Enterprises have adopted cloud-driven transformation in their digital journey to realize the typical benefits of agile and scalable infrastructure platform, cost takeout and flexible commercial consumption models. There is increased focus on business resiliency as the next generation of cloud adoption to deliver on the business outcomes by improving service availability, thereby enhancing customer experience.

Has your Enterprise adopted a Resilient and Robust system for your business critical applications? If so, has your investment protected you from business failures and ensured quick recovery during outage situations?

According to 1IDC Survey, 87% of the businesses wait up to four hours for support when an outage occurs. An infrastructure failure costs $100,000 per hour while a critical application failure for a Large Enterprise costs a staggering $500,000 to $1 million per hour.

 

The unplanned downtime adversely impacts the business goals and customer experience. It does require great effort and expertise to reduce downtime to 0.976 hrs (99.99%) from 43.8 hrs (99.5%).

Recently, there was a four hour outage at Leading Stock Exchange due to telecom links failure that rendered the online risk management system unavailable and due to interoperability failure, trading had to be suspended and led to huge losses to investors.

Achieving Business Resiliency and ability to provide service continuity during an outage or crisis situation is of paramount importance to organizations. Meeting the required uptime is possible only when all the components and layers of the application service delivery including infrastructure layers are mapped, designed, and comprehensively tested for resiliency and reliability.
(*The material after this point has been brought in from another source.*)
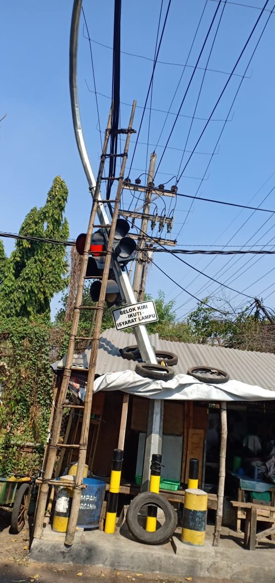 Hingga Kamis sore, kondisi TL yang roboh masih tergeletak. Demikian uga dengan kabel yang membentang Jl Noto Prayitno masih diberi pengaman daruruat berupa anak tangga dari bambu.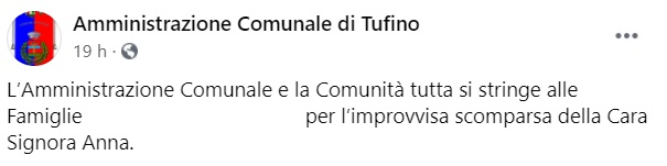 "L'Amministrazione Comunale e la Comunità tutta si stringe- si legge nella nota- alle Famiglie ... per l’improvvisa scomparsa della Cara Signora Anna."

Resiliency is the ability of the service to recover fully and quickly within the desired time from failure of any system component and provide service continuity albeit degraded performance for short time until recovery.

More than two-third of the organizations are yet to implement effective resiliency measures. Let's look at the common reasons on why outages still occur and how these can be avoided.

Design not aligned and/or re-visited often to deliver on the Service Level Objectives.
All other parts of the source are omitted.